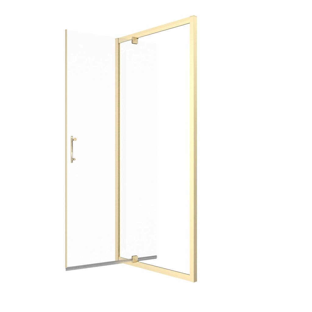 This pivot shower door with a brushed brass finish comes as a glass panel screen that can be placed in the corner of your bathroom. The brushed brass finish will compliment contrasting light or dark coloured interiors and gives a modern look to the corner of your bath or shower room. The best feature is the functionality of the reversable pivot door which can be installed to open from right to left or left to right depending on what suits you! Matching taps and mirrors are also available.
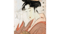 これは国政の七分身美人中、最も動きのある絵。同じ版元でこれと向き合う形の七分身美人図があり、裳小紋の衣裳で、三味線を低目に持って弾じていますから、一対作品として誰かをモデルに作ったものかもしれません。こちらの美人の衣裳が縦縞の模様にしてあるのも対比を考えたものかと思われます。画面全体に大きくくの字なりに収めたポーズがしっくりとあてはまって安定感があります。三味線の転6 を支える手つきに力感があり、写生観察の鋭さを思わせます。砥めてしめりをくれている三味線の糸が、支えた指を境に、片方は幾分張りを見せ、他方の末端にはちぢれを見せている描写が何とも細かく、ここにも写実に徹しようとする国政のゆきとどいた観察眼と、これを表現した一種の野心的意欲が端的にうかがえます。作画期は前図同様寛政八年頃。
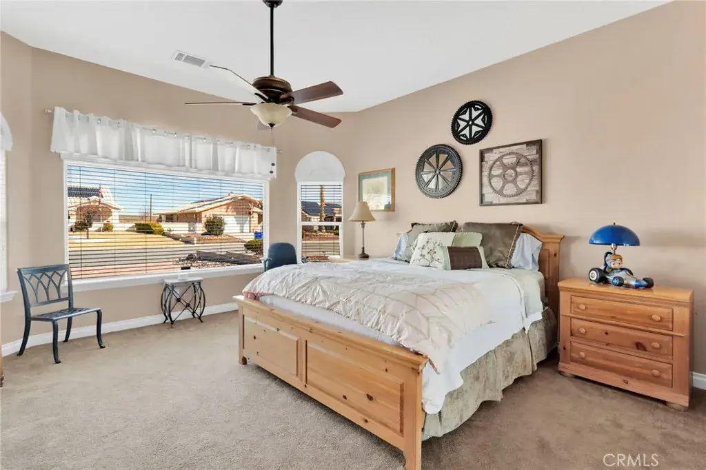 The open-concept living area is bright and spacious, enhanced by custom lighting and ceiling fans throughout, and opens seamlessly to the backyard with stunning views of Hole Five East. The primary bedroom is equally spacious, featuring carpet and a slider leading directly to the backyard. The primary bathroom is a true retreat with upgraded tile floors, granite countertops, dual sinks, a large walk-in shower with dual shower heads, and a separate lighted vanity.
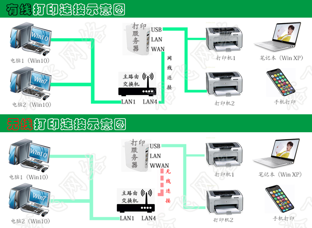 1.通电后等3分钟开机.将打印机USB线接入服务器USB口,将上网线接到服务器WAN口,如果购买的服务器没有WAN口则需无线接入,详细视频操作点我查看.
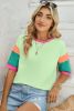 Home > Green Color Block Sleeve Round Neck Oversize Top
────────────────────
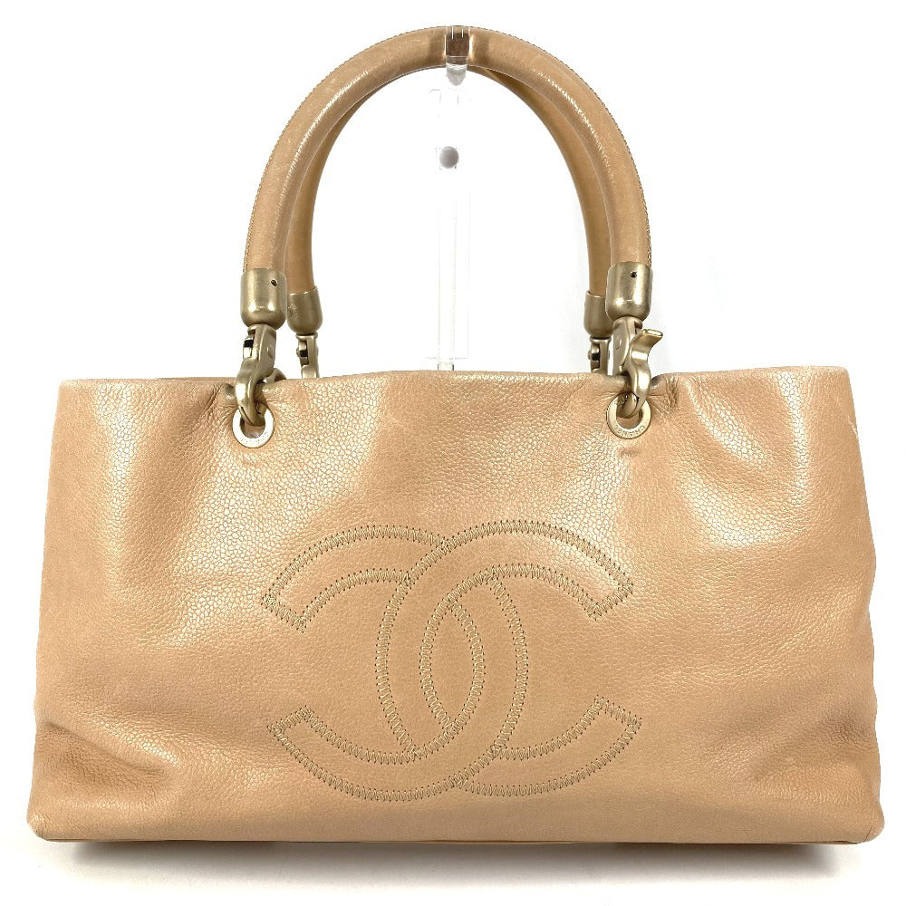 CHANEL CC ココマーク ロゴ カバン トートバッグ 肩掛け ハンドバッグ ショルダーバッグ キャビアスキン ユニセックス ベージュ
────────────────────
- WHAT TO PRODUCE
Among the entries above, take the lines from the one with "This pivot shower" through the one with "Home > Green" and retype them exactly, leaving out the pictures.

- EXERCISE RESPONSE
 This pivot shower door with a brushed brass finish comes as a glass panel screen that can be placed in the corner of your bathroom. The brushed brass finish will compliment contrasting light or dark coloured interiors and gives a modern look to the corner of your bath or shower room. The best feature is the functionality of the reversable pivot door which can be installed to open from right to left or left to right depending on what suits you! Matching taps and mirrors are also available.
 これは国政の七分身美人中、最も動きのある絵。同じ版元でこれと向き合う形の七分身美人図があり、裳小紋の衣裳で、三味線を低目に持って弾じていますから、一対作品として誰かをモデルに作ったものかもしれません。こちらの美人の衣裳が縦縞の模様にしてあるのも対比を考えたものかと思われます。画面全体に大きくくの字なりに収めたポーズがしっくりとあてはまって安定感があります。三味線の転6 を支える手つきに力感があり、写生観察の鋭さを思わせます。砥めてしめりをくれている三味線の糸が、支えた指を境に、片方は幾分張りを見せ、他方の末端にはちぢれを見せている描写が何とも細かく、ここにも写実に徹しようとする国政のゆきとどいた観察眼と、これを表現した一種の野心的意欲が端的にうかがえます。作画期は前図同様寛政八年頃。
 The open-concept living area is bright and spacious, enhanced by custom lighting and ceiling fans throughout, and opens seamlessly to the backyard with stunning views of Hole Five East. The primary bedroom is equally spacious, featuring carpet and a slider leading directly to the backyard. The primary bathroom is a true retreat with upgraded tile floors, granite countertops, dual sinks, a large walk-in shower with dual shower heads, and a separate lighted vanity.
 1.通电后等3分钟开机.将打印机USB线接入服务器USB口,将上网线接到服务器WAN口,如果购买的服务器没有WAN口则需无线接入,详细视频操作点我查看.
 Home > Green Color Block Sleeve Round Neck Oversize Top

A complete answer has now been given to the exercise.